Imagine that your country's postal system only issues 2 cent and 5 cent stamps. Prove that it possible to pay for postage using only these stamps for any amount n cents, where n is at least 4.
My attempt (using Strong induction, I know we can use induction but since they say you can can apply strong induction for generalized/weak induction cases):
Base case:
$$n=4: 2 \times2cents$$
$$n=5: 0 \times 5cents$$
$$n=6: 3 \times 2cents$$
$$n=7: 1 \times 2 cents + 1 \times 5 cents$$
You might ask why I have so many base cases, this is my reason why: The question states that we can pay for postage using 2 and 5 cents only. Hence, we have 3 general cases:
1: ONLY 2-cents stamps are used
2: ONLY 5-cents stamps are used
3: 2-cents and 5-cents stamps are used.
(Till now, are my base cases valid?)
Assume that for n=k, P(k) is true and that we need to show P(k+1)
$\textbf{Induction hypothesis:}$ P(k) is true when $4\le i \le k$ and $k \ge 7$
Since $4\le (k-3) \le k$ , P(k-3) or i is true by Induction hypothesis.
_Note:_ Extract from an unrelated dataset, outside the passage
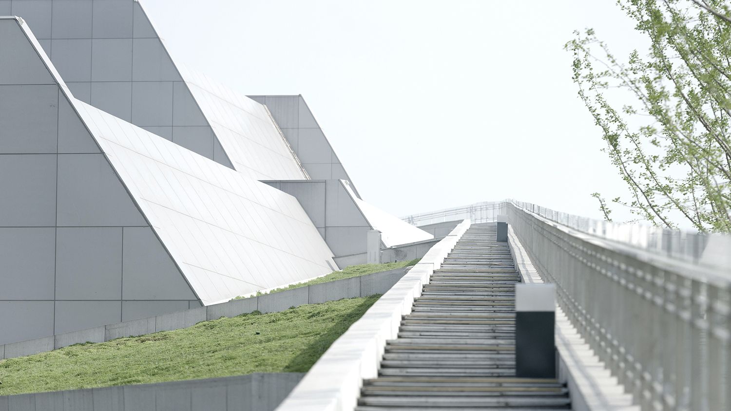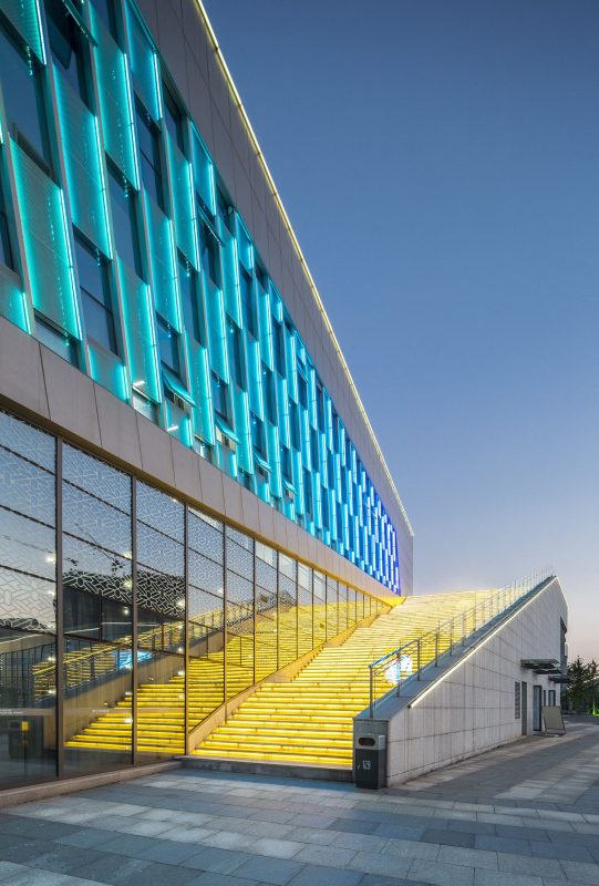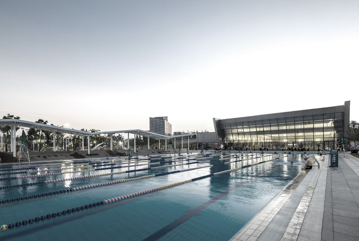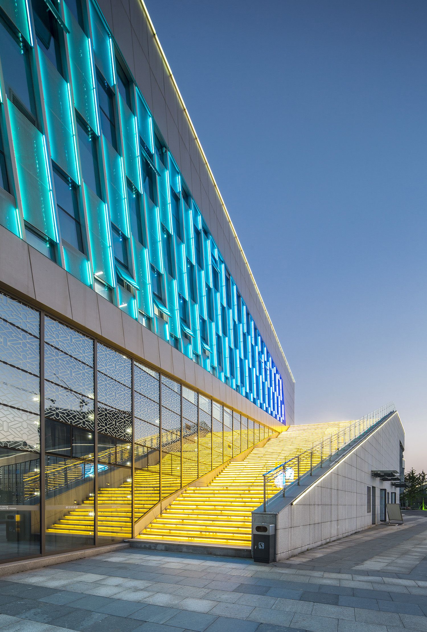 Yangzhou Li Ning Sports Park is built based on the principle that integrates modern city functions with traditional historical culture, thus creating sustainable modern sports facilities that reflect the contemporary lifestyle. Located within the Sports Park in Guangling New City, the project has broken the building volume into pieces by adopting the design philosophy of landscape architecture. As an integral part of the park, the buildings reflect Yangzhou’s spirit of including both mountains and water in traditional parks by combining the artificial “built mountains” with the “natural water” in the area, which provides the city with a vibrant center with its sports culture. In recent years, China’s sports industry has gradually transformed from prioritizing competitive sports to developing public sports. The design has kept up with the change, avoiding simplification in function deployment. Modern leisure sports functions such as rock climbing and trampolining have been introduced on the basis of traditional sports activities. Meanwhile, relevant derived functions have also been introduced such as sports training, health maintenance, and rehabilitation, and catering services, offering the community an area for complex activities.
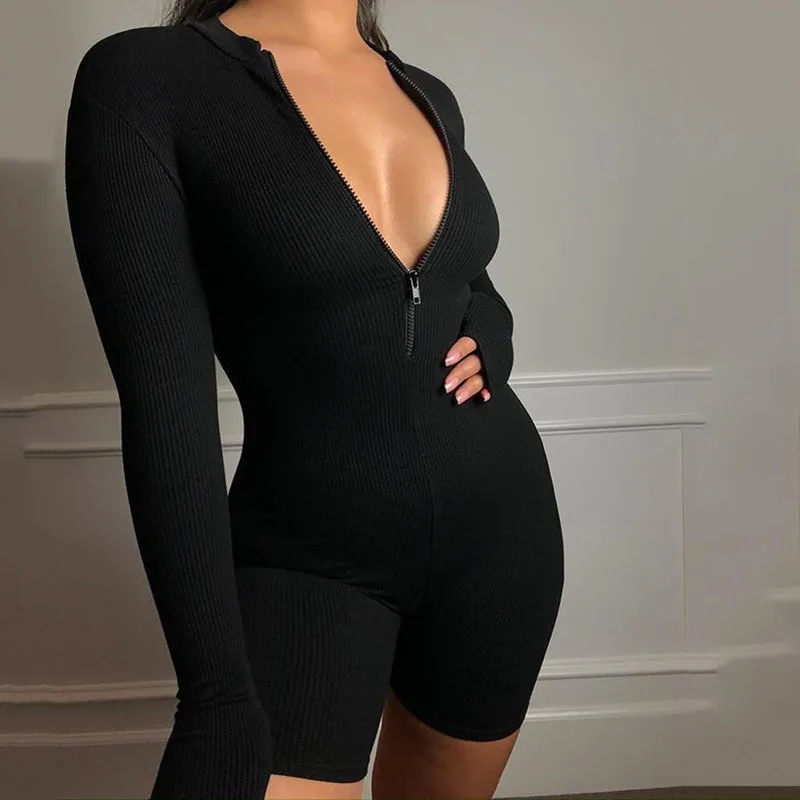 Лидер продаж 2022, новинка, Однотонный женский пикантный комбинезон на молнии, боди с длинным рукавом, комбинезон на удачу с этикеткой, женские комбинезоны

Now, k-3 cents can be formed using 2 and 5-cent stamps.
To get k+1 stamps, we can just replace it with $\textbf{four}$ 2-cent stamps?
Thank you! Is my proof valid or no? Any alternatives for this question using strong induction? Also, if I have used strong mathematical induction wrong or any of the steps are incorrect, please explain why.
Best Answer
Here's another induction-free proof, using the fact that integers are even or odd:
If $n$ is even, then $n=2k$ and we are done ($k$ two-cent stamps).
If $n$ is odd, so $n=2k+1$, then since $n\ge4$ we have $k\ge\frac32$ whence $k\ge2$ because $k$ is an integer. Therefore $m=k-2\ge0$, and $n=2m+5$, so we can use $m$ two-cent stamps and one five-cent stamp.